Document a framework for how future of industry might look

The update came out in early February. The main author, Jim Skurla, director of the Labovitz School of Business and Economics’ Bureau of Business and Economic Research at the University of Minnesota Duluth, noted in a recent phone interview from Duluth that while the worldwide economy and its need for steel “had slowed down a bit” recently, especially in China, it didn’t necessarily indicate a decline in demand for the metal.

“It really was red hot there for awhile,” he said of the world economy, but its steel demand has continued to be “cyclical.”

The study found, in the 2010 data, that Northeastern Minnesota’s mining industry made up 30 percent of the region’s economy, down from 33 percent found by the original study done with 2007 data.
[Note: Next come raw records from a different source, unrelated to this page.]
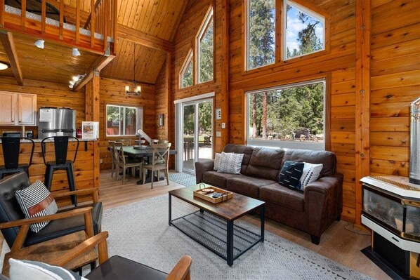 Once inside, snuggle into the cozy sofa with a bowl of popcorn, a tasty beverage, and a few friends and let the good times roll. If you're the chef in the group you can join the fun without having to leave the kitchen as the open-concept main floor allows for sightlines in every direction. When the shindig slows down and you become ready for some true relaxation you can take your pick between the well-appointed queen bedroom on the main level or for the true cabin experience climb the stairs to the charming loft where you will find 2 more queen beds. The full bathroom is conveniently located right down the hall from the main area and just past that is a laundry room to clean up after a day of adventures in the woods!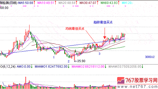300012,华测检测,在2010年1月、2月两个月份构成了三川底部形态,图中很明显看到三重底子,突破颈线后构成趋势最佳买点,前面还有个均线最佳买点。创业板的股票在我这次自今年二月份开始的底部形态创作案例中占了90%,希望能对朋友做了很好的暗示,大盘上下折腾时高成长性个股才是最好的机会,创业板就是此类股的集中营。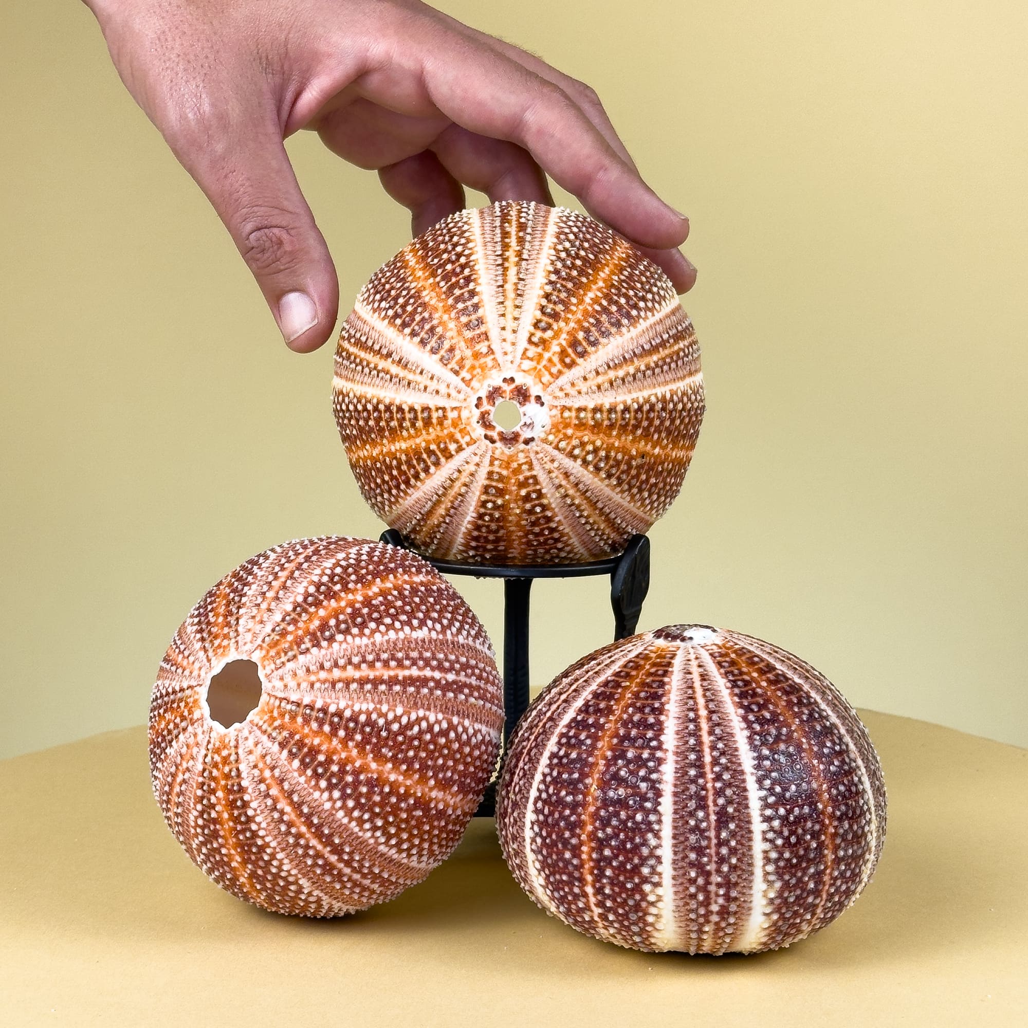 Add a touch of coastal charm to your collection with our Sea Urchin Skeletons from the pristine shores of England. These delicate exoskeletons, from the Spherechinus esculentus species, boast natural beauty in various shades of color. Each sea urchin measures between 10 to 12 cm in diameter, offering a captivating display of intricate, symmetrical patterns that make them perfect for home décor, marine-themed art, or educational collections.

The newer iron mining operations, as well as the possibilities with the non-ferrous mining operations, project almost a doubling of workers and revenues in mining if all projects advance.

Iron mining had an impact of about $3 billion to the state’s economy in the 2010 data, with 3,900 employees directly involved and a total of 11,000 employees, including miners, directly or indirectly employed with suppliers or resulting from additional household spending. For every mining job in the industry, another 1.8 jobs are created directly or indirectly, the study found.

While some people have criticized the study for not including other aspects of mining, such as with the environment or its value, Skurla responded that those portions were not the intent of the update.

“It’s not a cost benefit analysis,” he explained, but rather, “it was an economic impact study.”

Trying to figure out what an object or commodity is worth or not in an economy can vary among people. “It’s subjective,” he added.

Looking at data from 2011, he said mining activity had increased a bit, and there probably should be a mining economic impact study done every five years or so.